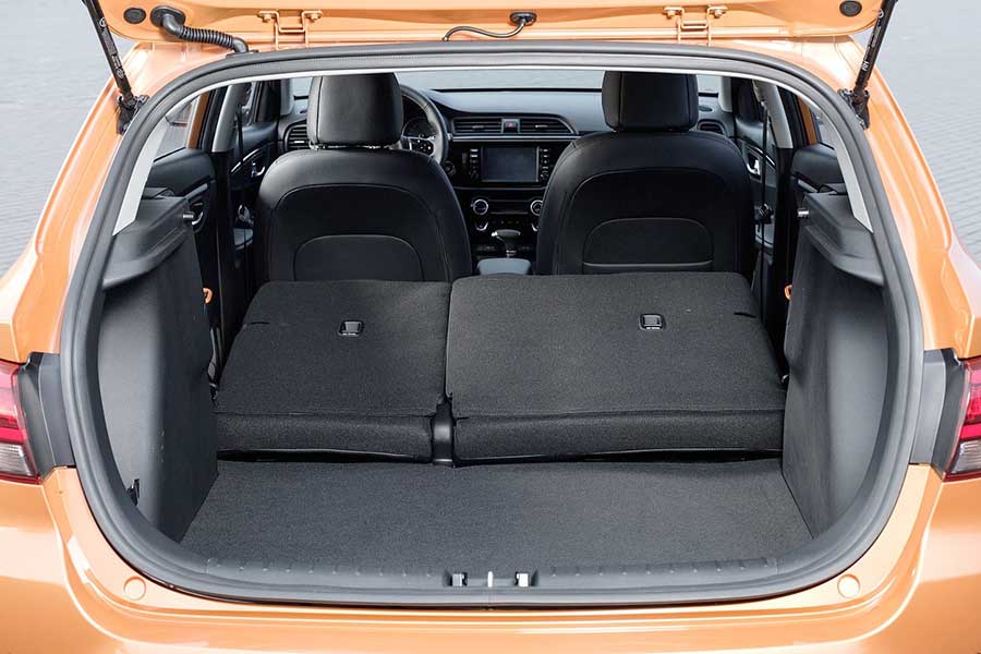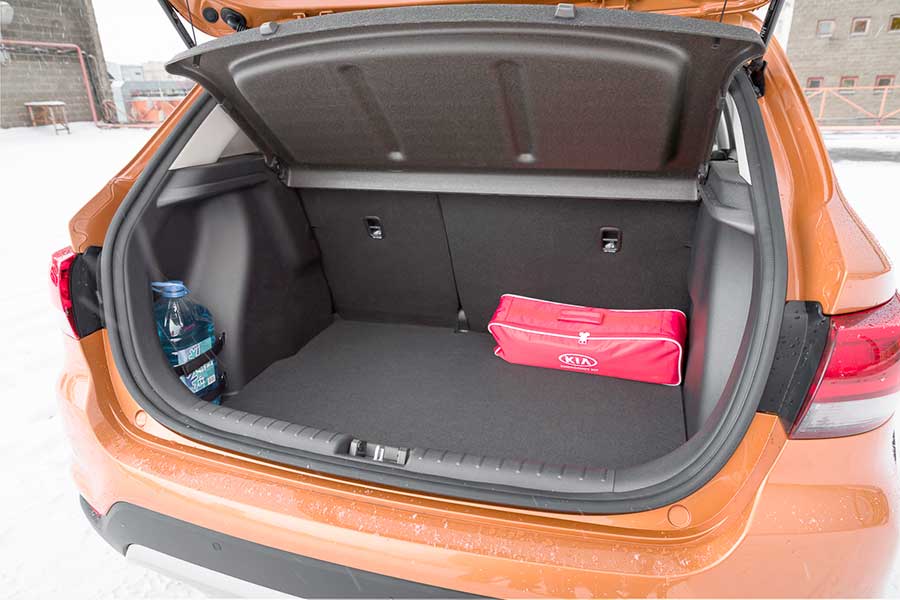 Багажная дверь Рио Х-Лайн при открытии поднимается высоко, оснащена двумя газовыми амортизаторами. Под нижней фальш-панелью, к сожалению, нет никакого дополнительного «подполья», кроме самой полноразмерной запаски, также не предусмотрена в нише и шумоизоляция.
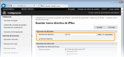 Si se selecciona [Opciones manuales de IPv4] o [Opciones manuales de IPv6] en [Dirección remota], introduzca la dirección IP para aplicar la directiva. También puede introducir un rango de direcciones insertando un guión entre las direcciones.
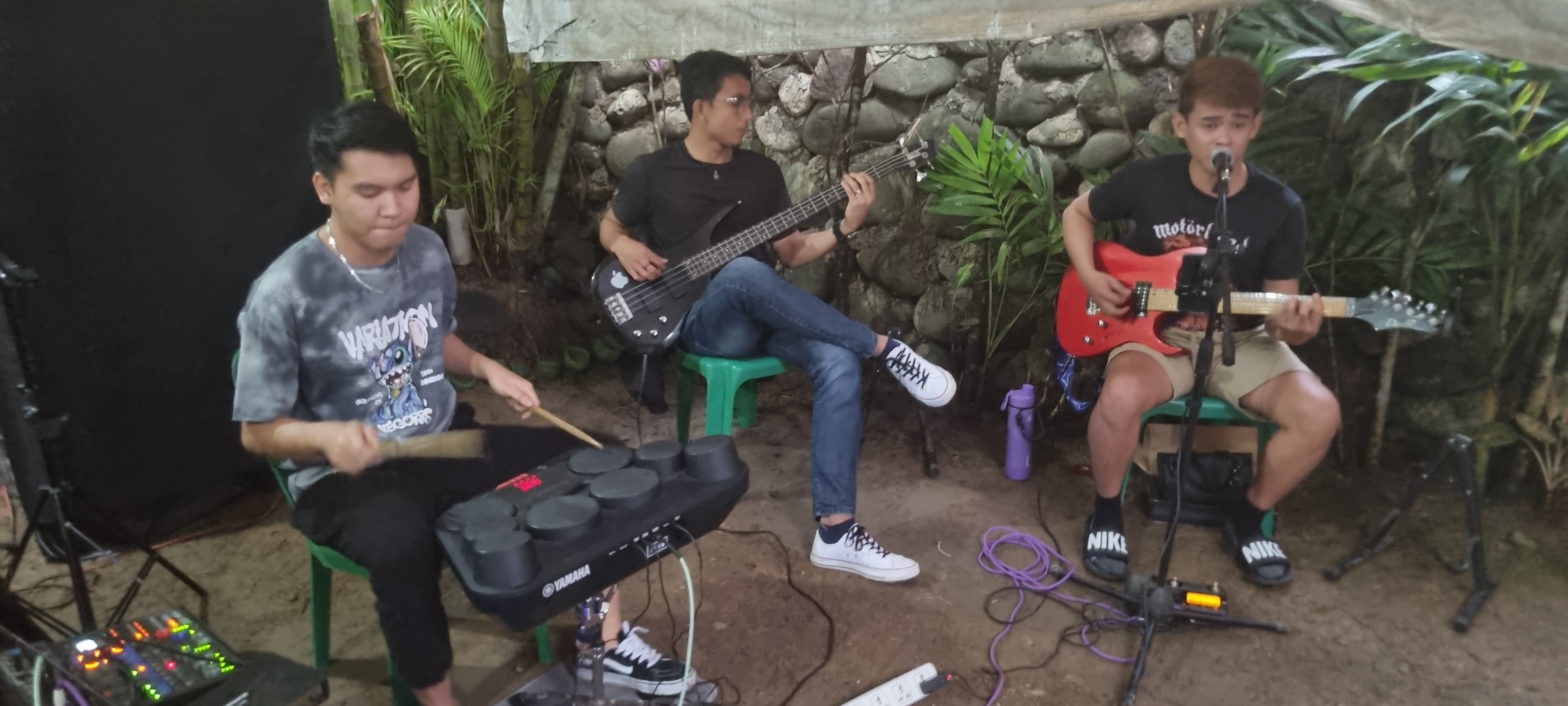 Det var förberett med massor av öl och mat och levande musik.

§ Required action:
Once the line containing "Si se selecciona" has been found, write out exactly that line and each one after it through the end of the data, leaving out every picture.

§ Solution below:
 Si se selecciona [Opciones manuales de IPv4] o [Opciones manuales de IPv6] en [Dirección remota], introduzca la dirección IP para aplicar la directiva. También puede introducir un rango de direcciones insertando un guión entre las direcciones.
 Det var förberett med massor av öl och mat och levande musik.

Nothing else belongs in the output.